Introduction
---------------------------------------

The scripts provided here will allow you to perform differential expression 
analysis comparing two groups of samples (referred to later as group A and 
group B).

You must manually pre-process the Report/GeneCount.csv data into an edgeR 
compatible format and arrange the columns into groups prior to execution.

Not all of the software required to execute this analysis is included in the
MAP-RSeq package.
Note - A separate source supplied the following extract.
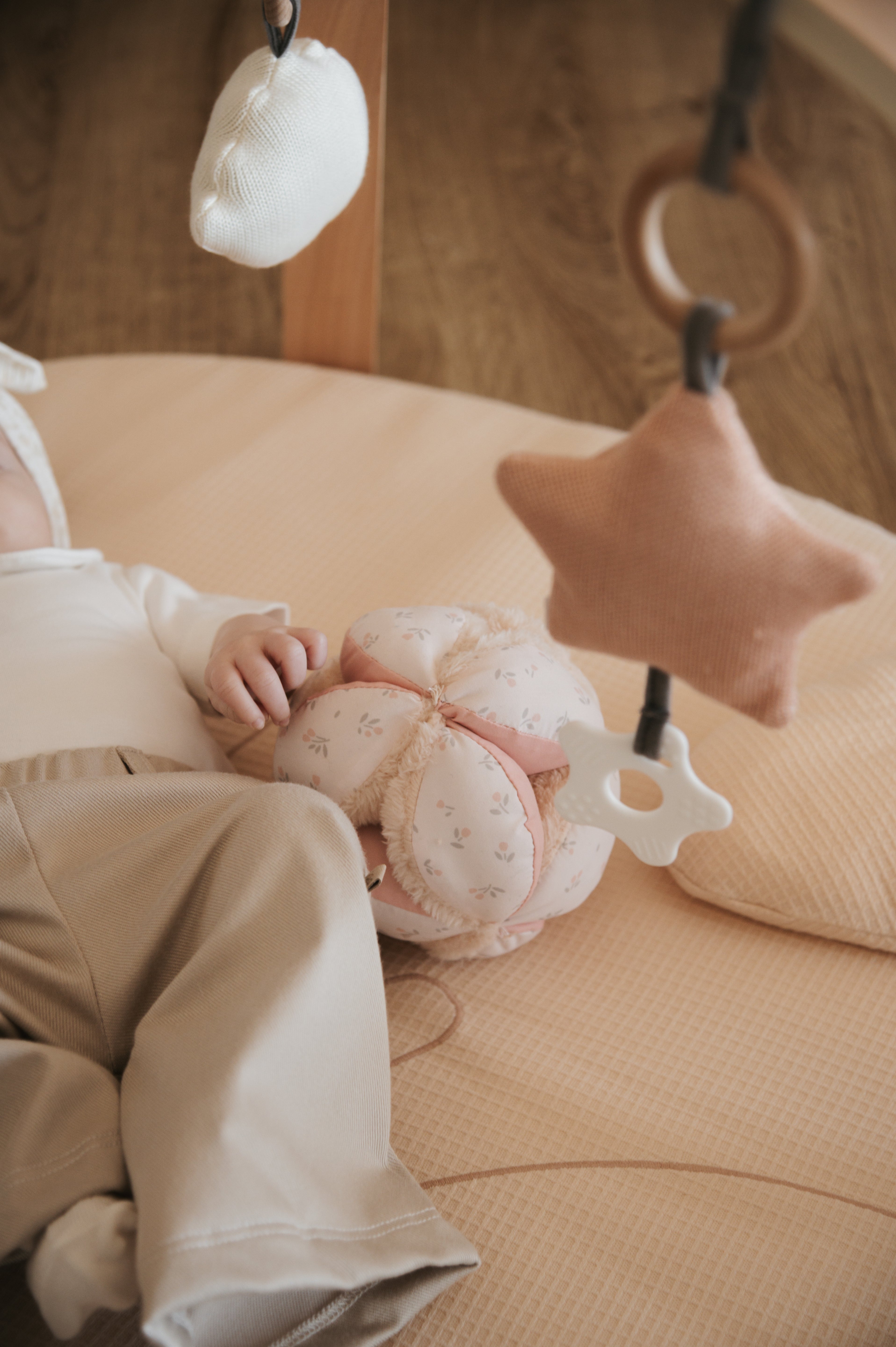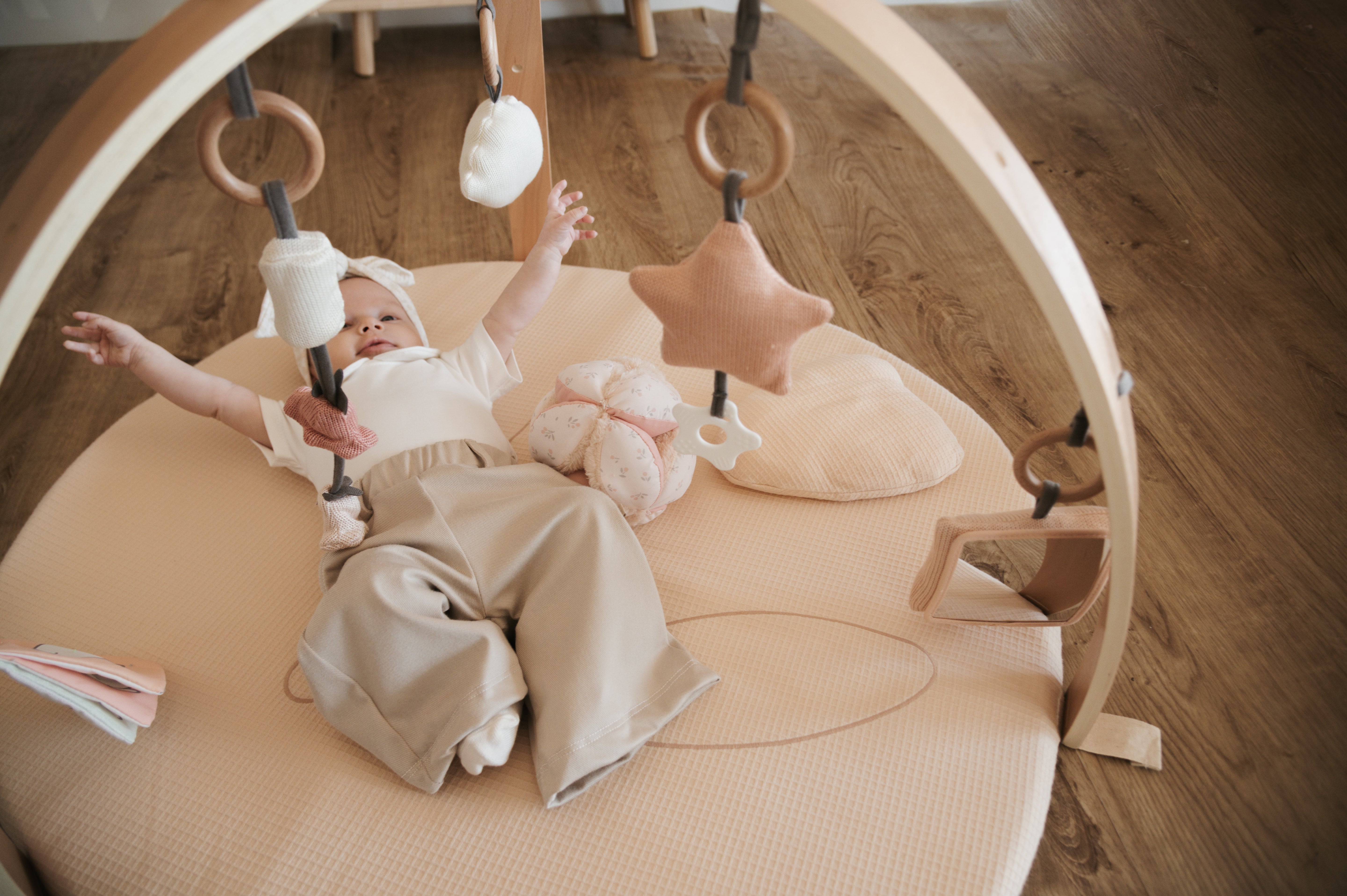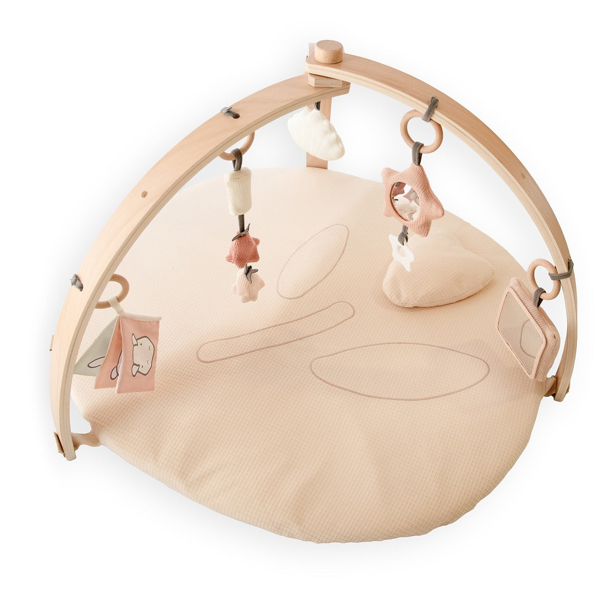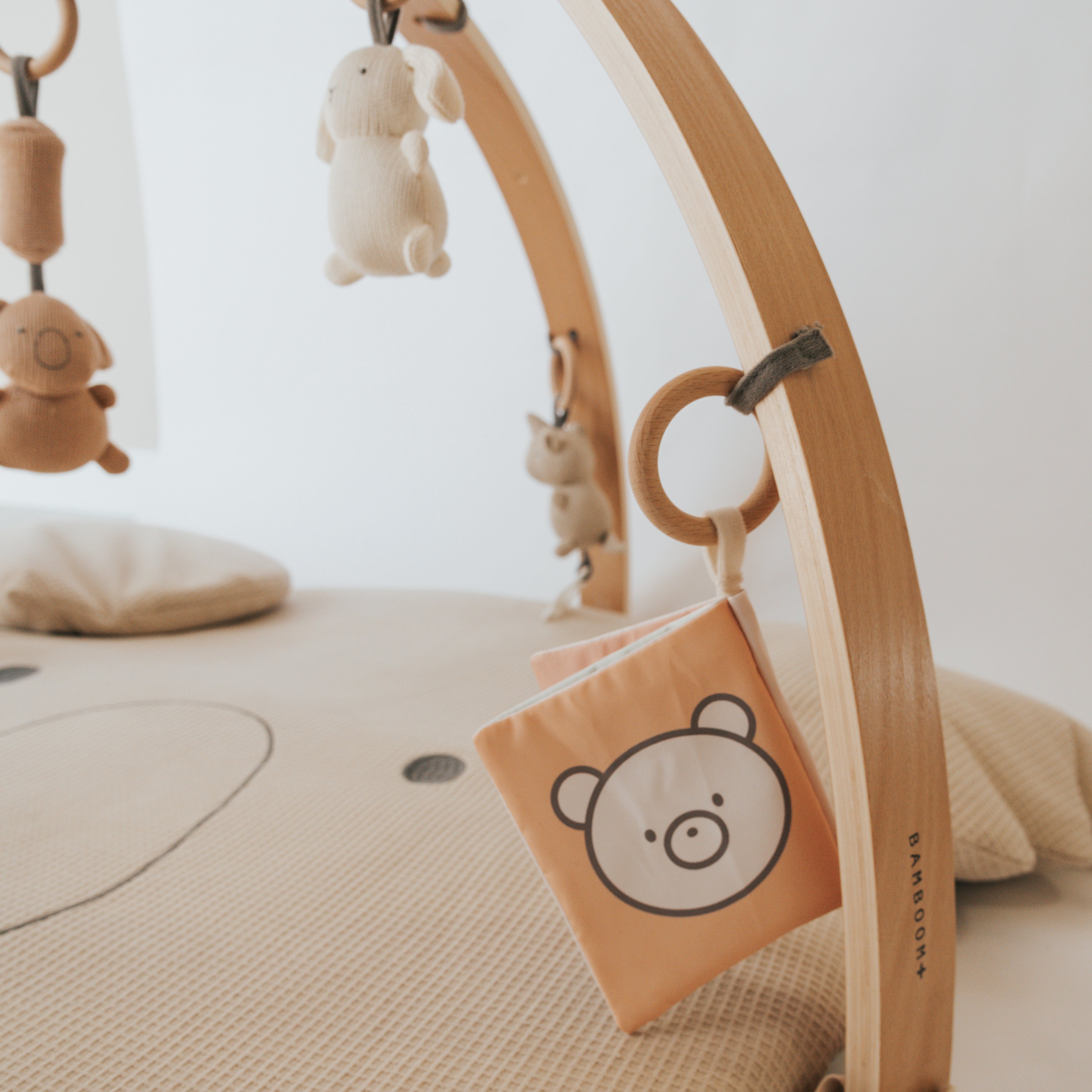 Designed to accompany your child’s early discoveries, this soft, natural play mat promotes cognitive and sensory development in a safe and stimulating way. Made from breathable bamboo mesh and cotton, it’s gentle on delicate skin and perfect for tummy time. Featuring removable sensory toys with Velcro, including a mirror, teether, noisy book, rattles and trumpets, plus multi-purpose inserts like the koala ears, fish tail and tulip flower that double as soft pillows for extra comfort. A perfect blend of fun, safety and learning for your baby’s playtime.

Please carefully review the documentation below to insure a
successful execution.


Pre-Requisites
---------------------------------------

You must have the following installed prior to running this analysis:

1) Perl, available packaged with your Linux distribution or available at 

	http://www.perl.org

2) The R Statistical Computing Package, also commonly available in many 
   Linux distributions.  A standalone version can be downloaded at:

	http://cran.us.r-project.org/

3) The Bioconductor edgeR package, available at:

	http://www.bioconductor.org/packages/release/bioc/html/edgeR.html

	You can install it manually with the following commands:


	Start an interative R session with:
	   R

	Install the base BioConductor package with:
	   source("http://bioconductor.org/biocLite.R")
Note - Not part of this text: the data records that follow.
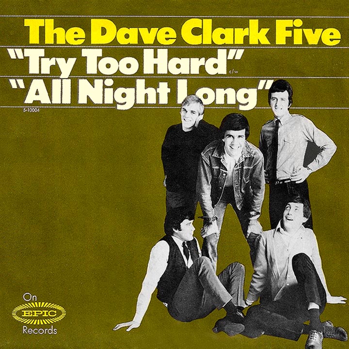 The hits kept coming: "Come Home," a Clark-Smith ballad, was followed by Chuck Berry's "Reelin' and Rockin'" and Chris Kenner's "I Like it Like That" (top ten for the DC5 as it had been for Chris), benchmark rock/rhythm songs that paved the way for more. Having a Wild Weekend's original title song "Catch Us if You Can" went top ten in September '65, then a remake of the 1958 Bobby Day hit "Over and Over," in the final week of December, gave the Dave Clark Five that elusive number one U.S. hit they'd been seeking. "At the Scene" (as with "Catch Us," written by Dave and Lenny), "Try Too Hard" and "Please Tell Me Why" (both by Dave and Mike), all trademark DC5 rockers, were big in the early months of 1966. A pair of Clark-Payton tunes, ballad "Satisfied With You" and its polar opposite, screamer "Nineteen Days," were lesser hits and left some wondering at the close of 1966 if the group was running out of steam.
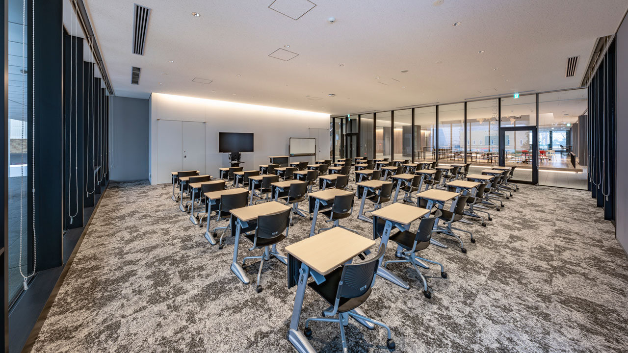 グループでのワークやディスカッションなど、アクティブラーニング型の授業に対応する教室は、2階と3階に複数あり、少人数の授業を前提にしています。30~40席程度ある2階のアクティブラーニング教室は、三方が窓に囲まれており、2階のアトリウムやGlobal Commonsにも隣接されているため、教室の中と外が互いに刺激し合って学びの意欲を深められるようなオープンな雰囲気が特徴です。3階の301・302教室は、パーテーションで仕切ることで各々20~30席程度の教室になり、パーテーションを畳むことで1室最大90人を収容する広い空間にできます。
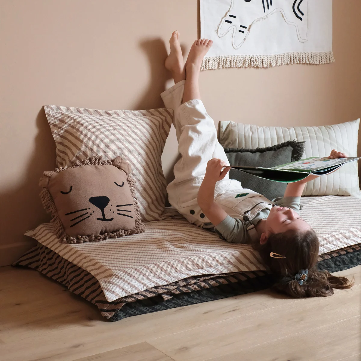 Die Landscape Bodenmatte von Nobodinoz formt die perfekte Spiele- und Leseecke im Kinderzimmer. Die Matten können nebeneinander angereiht werden und vergrößern die Fläche. Mit kühnen Mustern und abwechslungsreichen Texturen, ist die Bodenmatte zeitlos und verleiht jedem Kinderzimmer schöne und zierende Akzente, die von Landschaften inspiriert sind.
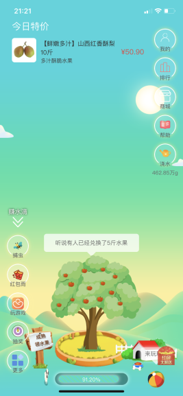 1.通过种水果获得收益,收获的水果可以进行售卖.也可兑换实物
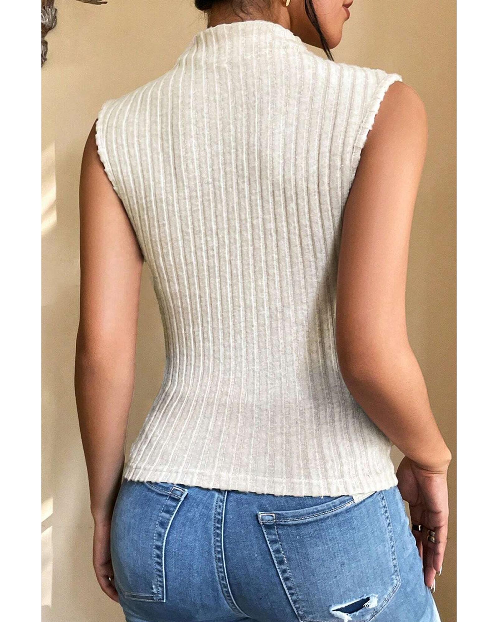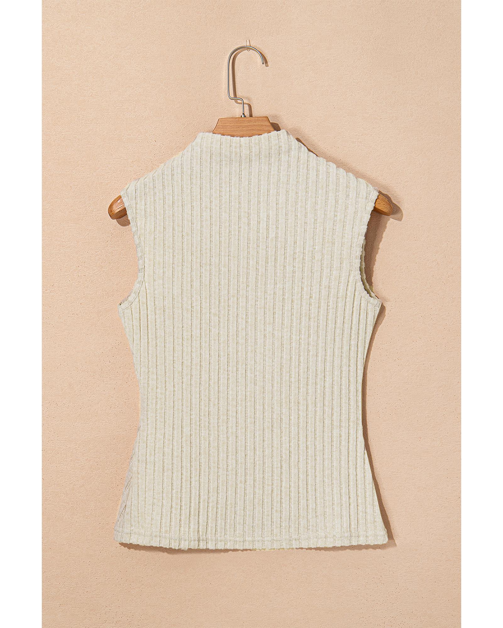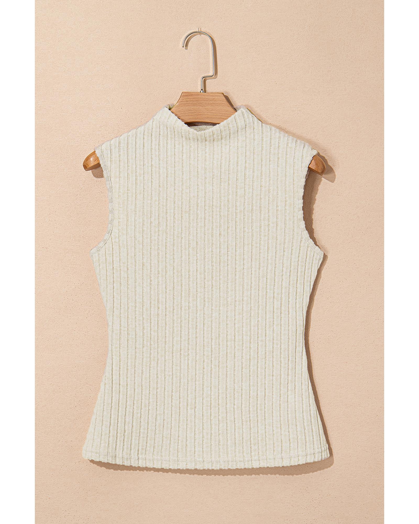Apricot Ribbed Knit Mock Neck Tank Top – L
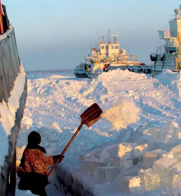 Порт Хатанга скован льдом семь месяцев в году (на фото освобождают ото льда винты судна).

	Install the edgeR module with:
	   biocLite("edgeR")

	PLEASE NOTE:

	   If you have installed edgeR to a non-default location you
	   may need to customize the edgeR_pipe.R script.  Please see
	   the instructions below.



Customizing the Code
---------------------------------------

The edgeR_pipe.R script may need to be updated to point at your edgeR
software install. This can vary depending on how you added it to 
your system. 

When installing as a non-root user, edgeR will often be installed to a
home directory path like: 

   ~/R/x86_64-pc-linux-gnu-library/3.0/edgeR/

This path will vary depending on the versions of Linux and R you're using.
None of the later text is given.